At the 2016 election, Turnbull secured a one-seat majority. After the election, Dutton’s wife, Kirilly, bought a shopping centre in Townsville. Dutton forgot to declare this on his registry of assets. 

In 2018, Dutton tried and failed to knife Malcolm Turnbull. Afterwards, Labor pre-selected a star candidate for Dutton’s outer-suburban seat of Dickson. She had lost her leg in a horrific collision with a car, while heroically saving her young son from injury in the process. Her specially renovated house was seven minutes from Dickson in the neighbouring electorate of Brisbane.

“There are plenty of people with disability living in Dickson,” said Dutton. “A lot of people have raised this with me. I think they are quite angry that Ms France is using her disability as an excuse.” 

Tanya Plibersek called Dutton “pea-hearted.” She argued that Dutton was spending more time at his mansion on the Gold Coast than in Dickson. Dutton doubled down.

“Dickson constituents believe Ms France’s refusal to live in the electorate, even if she won the seat, is more about her enjoying the inner-city lifestyle,” said Dutton’s spokeswoman. 

Morrison pulled off a miracle win. Dutton defeated Ali France with a 2.95 per cent swing. At his victory party, Dutton was unusually jubilant. He beamed at the true believers. “I want to quote a former prime minister,” he said. “His name was Paul Keating. And the quote was: ‘This is the sweetest victory of all’.” 

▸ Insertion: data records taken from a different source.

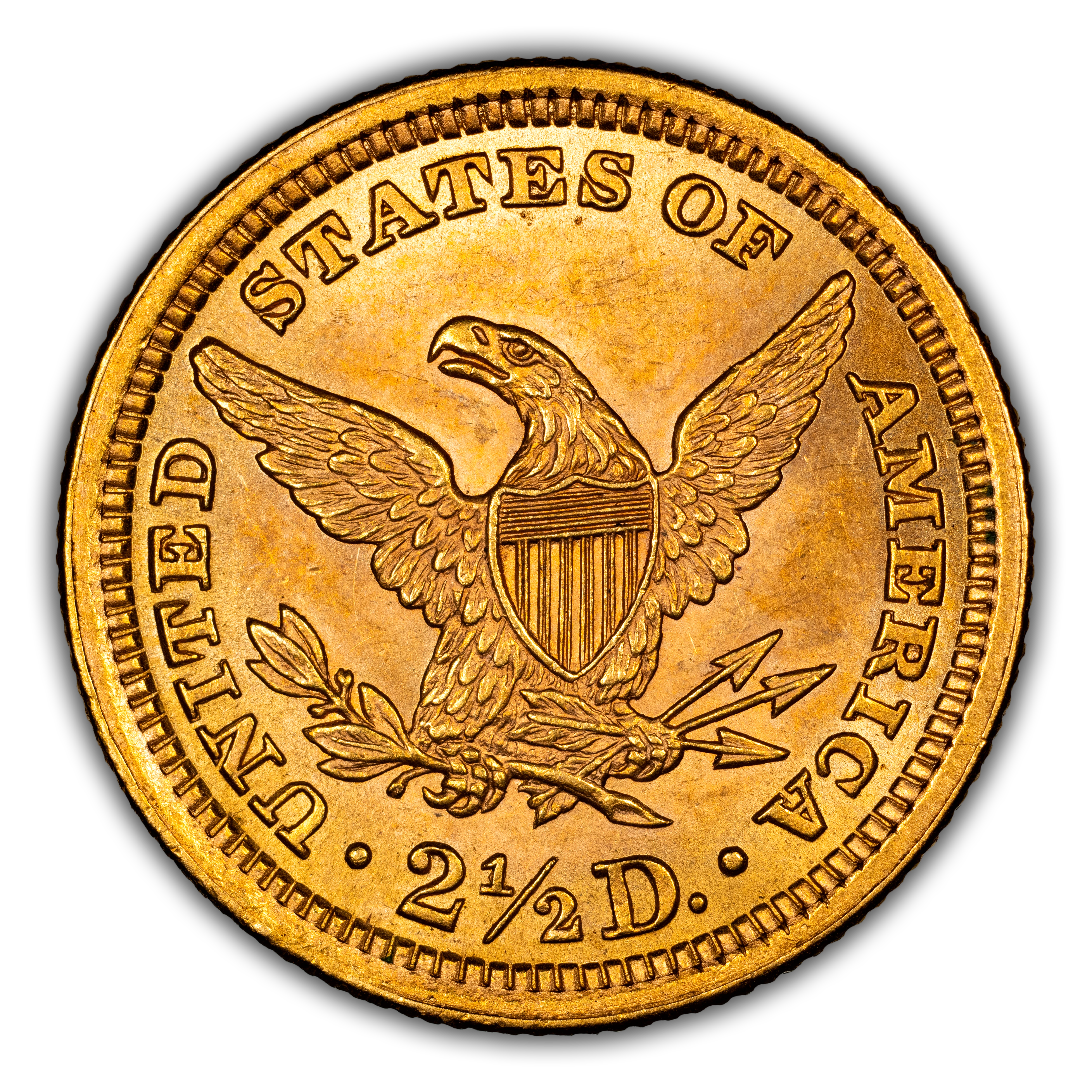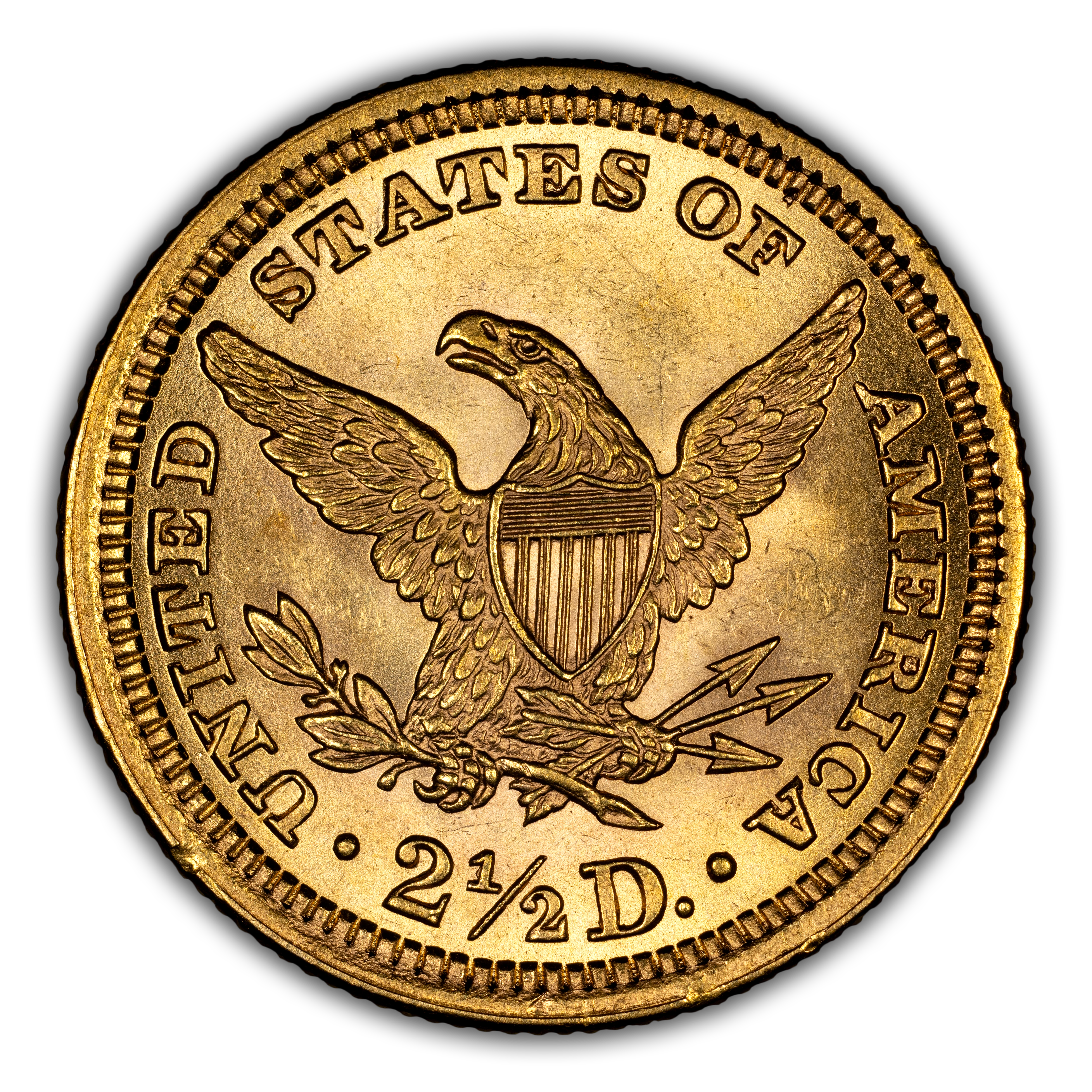 Reverse: Heraldic eagle holding arrows and branch in its claws is centered in the design with the words UNITED STATES OF AMERICA * @ 2 1/2 D. around the periphery. Mintmark (if any) is located under the eagle's claws.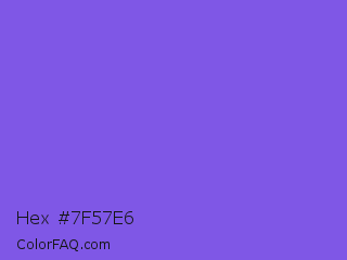 Hex #7f57e6 Color is a light indigo color and the nearest color is Medium Slate Blue #7b68ee. Hex code #7f57e6 and RGB value is rgb(127,87,230). In RGB color space, this color is composed of 50% red, 34% green, 90% blue, In CMYK color space, this color is composed of 45% cyan, 62% magenta, 0% yellow , 10% black , In HSL color space, this color has a hue angle of 257° , 74% saturation and 62% lightness.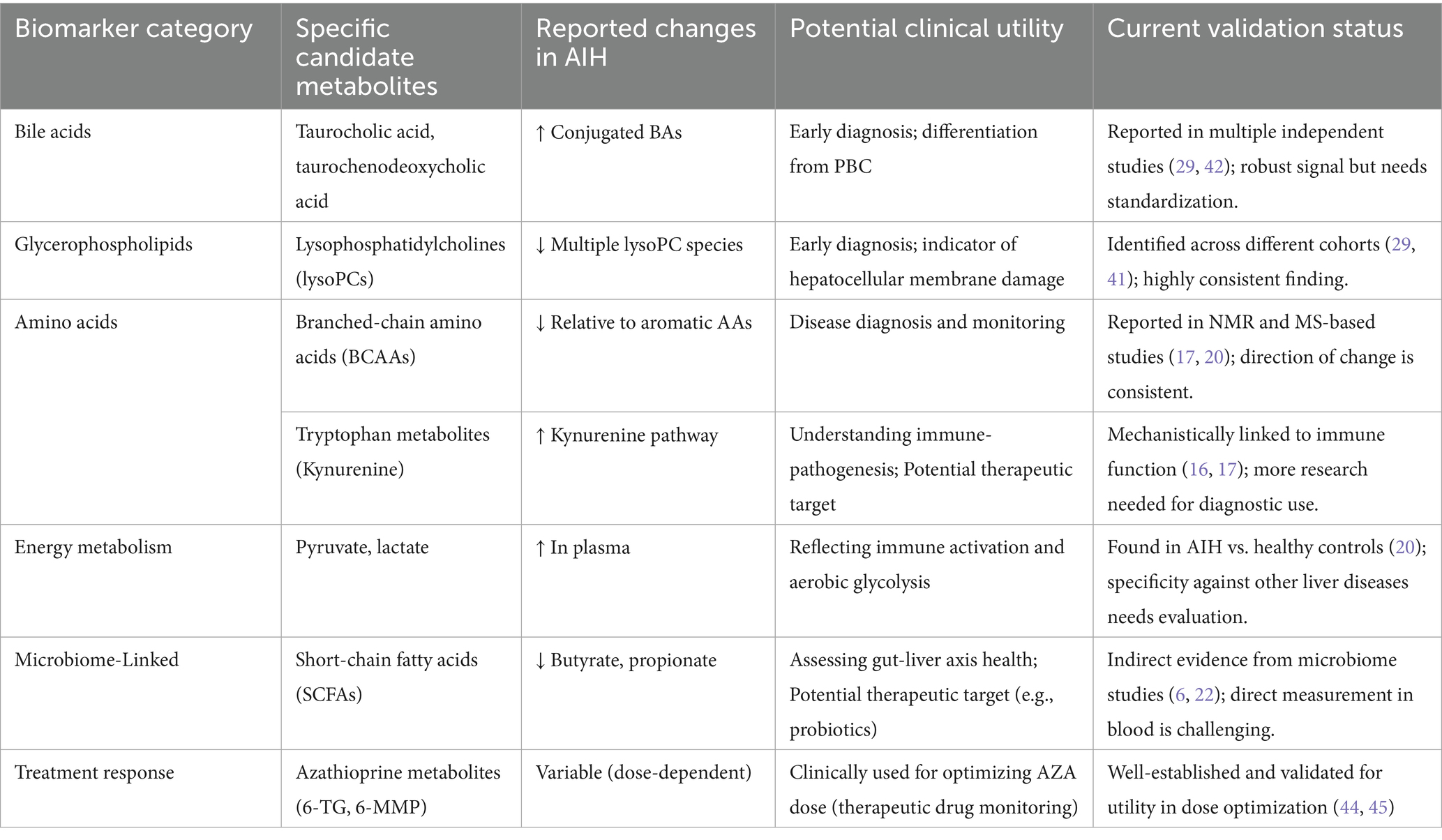 The application of metabolomics in the diagnosis of AIH is constrained by several persistent limitations. Metabolomic data are profoundly influenced by pre-analytical and analytical conditions, including instrument parameters and sample processing procedures, resulting in substantial inter-laboratory variability. The imperative for stringent control over sample collection timing and storage conditions to preserve metabolite stability further restricts the reproducibility and accuracy of findings in clinical settings. Moreover, the current technological landscape lacks the capacity for the comprehensive detection of all metabolites. Compounding these issues is the limited specificity of candidate AIH biomarkers, which are frequently confounded by other hepatic disorders such as PBC and DILI, in addition to medications and other variables. These challenges collectively impede the development of a biomarker or a simple model capable of concurrently achieving high sensitivity and specificity.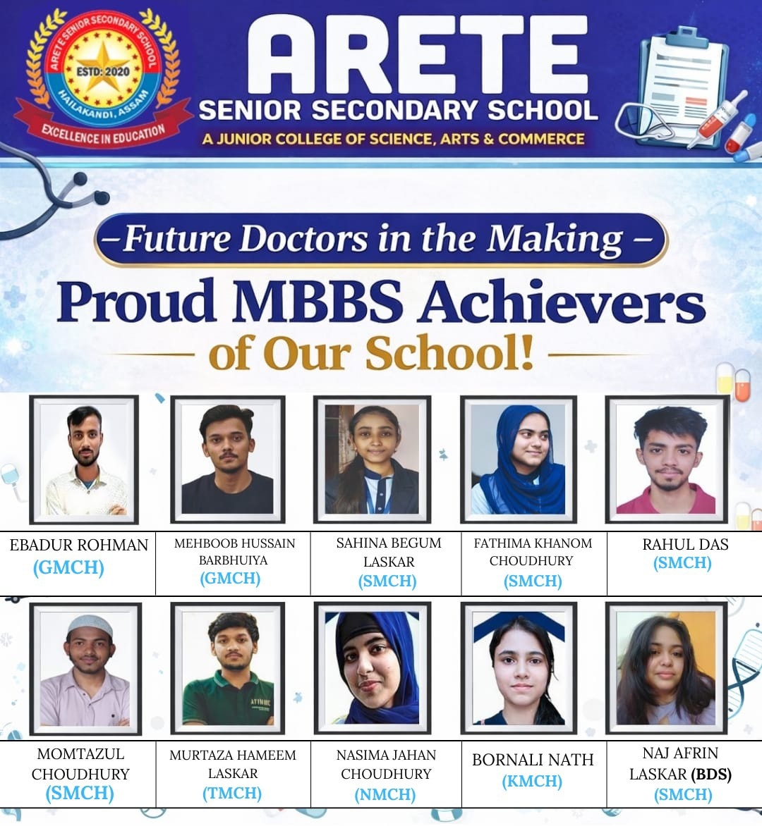 I feel proud and extremely confident to welcome you to the family of Arete Senior Secondary School, Hailakandi. Arete Senior Secondary School provides opportunity to each student to progress and experience success. We in Arete, follow a collaborative approach where the school, parents and teachers form a partnership and support each other through the child’s journey in the process of learning. With the rapid development and advancement of technology our teachers are well equipped to provide technology supported learning opportunities to the students through smart boards. We are proud of the fact that the teachers here have been empowered and better equipped to draw the attention of the students and create more effective learning environment. Participation in extracurricular activities, seminars and workshops are also encouraged along with the prescribed curriculum. The experiences that a learner undergoes within the school are invaluable and they go a long way in grooming the child, equipping him/her to face the challenges and shoulder the responsibilities that lie ahead. We in Arete focus at solving the problems at individual level by taking continuous feedback and providing remedial teaching. I encourage all to seize every opportunity that pervades and permeates our campus, to discover their talents and potentials and map their career paths.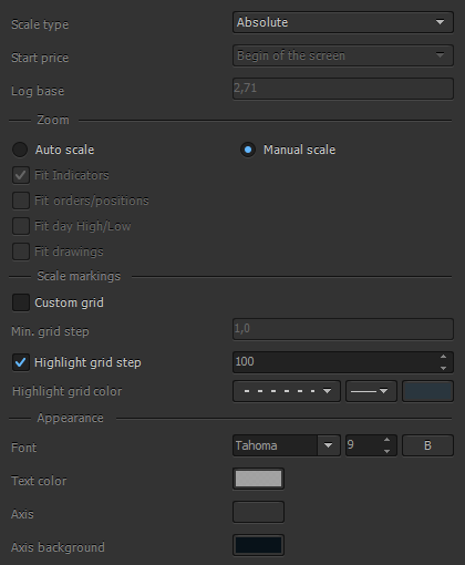 - Scale type - select the type of scale price and start price for the chart: Absolute, Relative and Logarithmic.
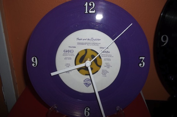 Does his Purple Majesty, as has occasionally been rumored, actually possess total control over the time-space continuum? How else to explain his uncanny capacity to wed music's latest trends to the history of rock & roll and soul music with such shrugging ease? It's probably just because he is a once-in-a-lifetime genius, but maybe this special-edition clock fashioned from the original Purple Rain 7" single can lend a little insight into this issue as well. Does it even … you know, tell the time? Not like Morris Day, but actually the hour of the day? Does it even matter? Nobody could ever argue that this would not serve as a constant reminder of the important things in life: love, spirituality, and a special emphasis on a certain kind of satisfaction. As the seller indicates: This item can be hung. Yeah, you better believe it.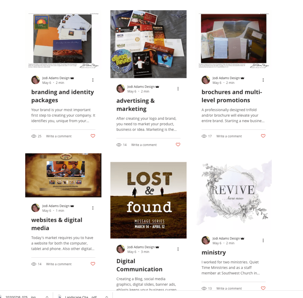 Blogging is a good and free way to get not only your business out there but a tutorial on how to get it done. My blogs are how I go about designing, my thoughts, my concepts and how I tackle it. I also blog on my thoughts and feelings of what is going on in today’s wacky world! Every website offers a blog and if you hire me to design your site for you, I will give you the tools you will need to blog yourself. Or, pay me a maintenance fee and some content and images and I will keep it up for you. Here are some of my blogs.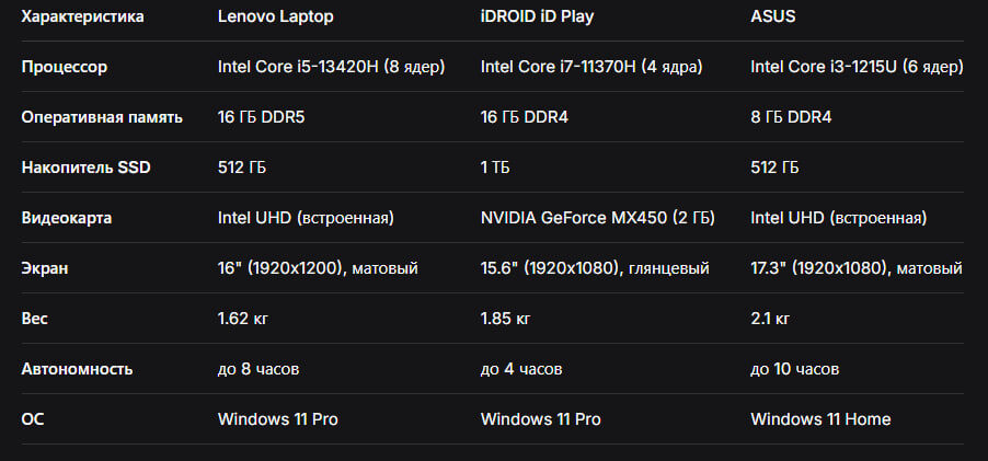 Приветствую, дорогой читатель! Выбор ноутбука сегодня — задача не из лёгких. Производители завалили нас сотнями моделей с кучей характеристик, в которых легко утонуть. Давайте отбросим маркетинг и разберём три интересных ноутбука от Lenovo, iDROID и ASUS по косточкам. У каждого свой характер, свои сильные и слабые стороны. Готовы? Поехали! Чтобы было наглядно, сведём всё по полочкам в таблице. А теперь — детальный разбор. Сильные стороны: Слабые стороны: Кому подойдёт?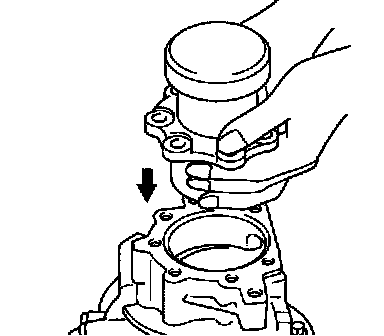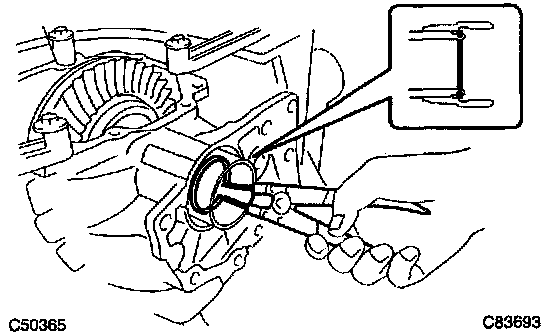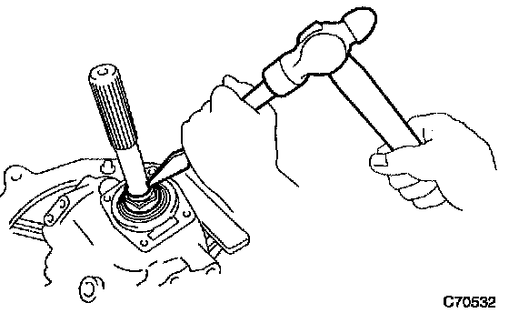 b. Using a screwdriver and a hammer, make a clearance between the right bearing retainer and the transfer case.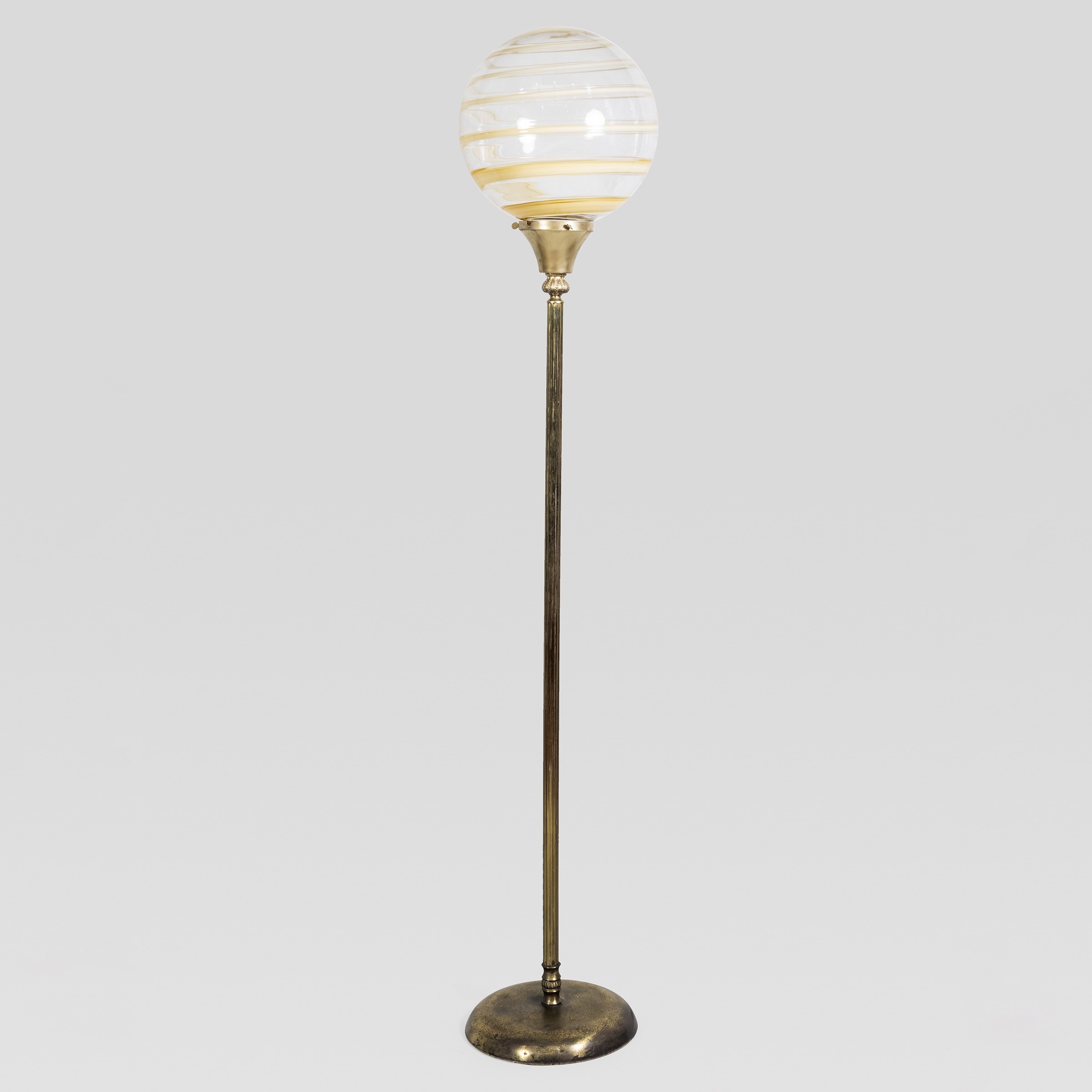 anni 60 lampada da terra in ottone con diffusore a sfera in vetro trasparente e colorato, difetti

In January 2020, Dutton sold his house in the mountains for $1.8 million.

He bought a 68-hectare farm in Dayboro for $2.165 million. He also sold his mansion on the Gold Coast for $6 million. This humble suburban man purchased a penthouse in the Brisbane CBD for $2.7 million from a Queensland construction tycoon. Dutton sold it a year later for $3.47 million.

Defining isssue

Disillusionment with Australia’s housing system is hitting critical mass.

Over the next decade, this will be the defining issue of Australian politics. It transcends the climate and culture wars.

Working-class families in the outer suburbs and regions are skipping meals to pay the rent, and sleeping in cars when they can’t. University-educated Millennials on six-figure salaries – so-called “inner-city elites” – have given up on the idea of buying their own home. 

Matt Kean budget

Matt Kean says Liberal housing policies are alienating Millennial voters. Photo: AAP

Matt Kean is a senior powerbroker in the moderate faction of the Liberal Party, and the former treasurer of New South Wales.

Born in 1981, Kean is a Millennial, the generation that has been deserting the Liberal Party in droves. According to the Centre for Independent Studies, Millennials are shifting to the Coalition at half the speed that Boomers and Gen X did.

Gen Z are shifting more towards the left. By 2040, Millennials and under will make up 70 per cent of the electorate. The CIS predicts the Coalition will lose another 35 seats if they don’t arrest this generational drift. 

“Unless we are putting in place policies that will help young people enter the housing market, they are not going to touch us,” Kean tells me at a café in Hornsby. “But some people in the Liberal Party spend more time talking about which dunnies people use than tax reform.” 

Keith Wolahan is the first-term MP for Menzies, the seat named after the pro-home ownership creator of the Liberal Party. Wolahan was born in Dublin and went to a public high school in outer-suburban Melbourne. His working-class dad studied at TAFE to become a roof plumber. Wolahan worries that Australia is becoming the kind of class-divided society his parents fled. 

“Hard work and intellect don’t matter as much now,” he tells me. “It’s the randomness of whether your parents own land or not.” 

Wolahan wants an open debate about cutting tax loopholes for property investors. He believes that young people will punish political parties that don’t address the housing crisis.

Interestingly, he suggests that major tax reform in this area might need to be an inside job – led by the Liberal Party, rather than Labor.

“Is the residential property market just another investment class?” Wolahan asks me. “If your answer to that is yes, I don’t think that you’re serious about solving this problem.” 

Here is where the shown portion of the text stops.